Monday, November 28, 2005

Maxell to offer 300GB holographic discs 'late 2006'

I love it when two warring giants both get trounced by an unseen upstart.

For years now, there has been a standards war going on regarding the successor to DVD. On the one hand, Blu-Ray, and on the other HD-DVD. Both products have been delayed, and there has been huge amounts of infighting and lack of cooperation between the camps.

But, while this fight has been going on, the next-generation (beyond HD-DVD and Blu-Ray) has been proceeding. The "Holographic Versatile Disc" (HVD) technology is nearing completion. Maxell is expecting to ship the first generation HVD drive by the end of next year.

The initial release from Maxell is expected to have a 300GB per-disc capacity with a data-transfer speed of 20MB/s. This is 3-times the capacity of a 4-layer Blu-Ray disc, 6.67 times the capacity of a 3-layer HD-DVD disc, and 33 times the capacity of a dual-layer DVD. The speed is as fast as an SATA interface (20MB/s is 160Mb/s) and as fast as all but the fastest tape storage devices.

Maxell believes the technology can eventually reach a capacity of 1.6TB per disc with a transfer speed of 120MB/s.

If this technology starts shipping before Blu-Ray and HD-DVD ship (which seems to be a distinct possibility), it could kill both of them off before they ever get started. Which would be poetic justice, given how much infighting and delaying has gone on so far.
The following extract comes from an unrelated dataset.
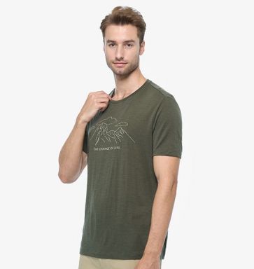 產品特性 :修身圓領短袖版型;插畫:台灣500元鈔票上的大霸尖山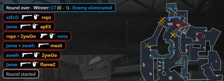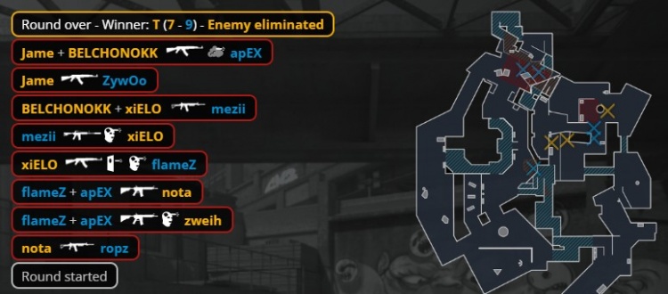 第21回合ropz反摸下水道打掉nota,上帝大狙A大对位轰掉Zywoo,KK进点双杀,上帝下包,PV拿到第9分。

In addition to its use for HD TV video distribution, the HVD technology has the potential to become the dominant standard for backup devices. If the 300G drive can ship for under $1000, with media for under $100, it will rival all but the largest tape storage systems. If the 1.6TB drive can ship for prices in the same range (say, under $2000 for the drive and under $150 for media) it can rival all other backup devices currently manufactured.

Similarly, if the price can drop even lower (say, under $300 for the drive and under $20 for media), it can effectively displace all other optical drive technology.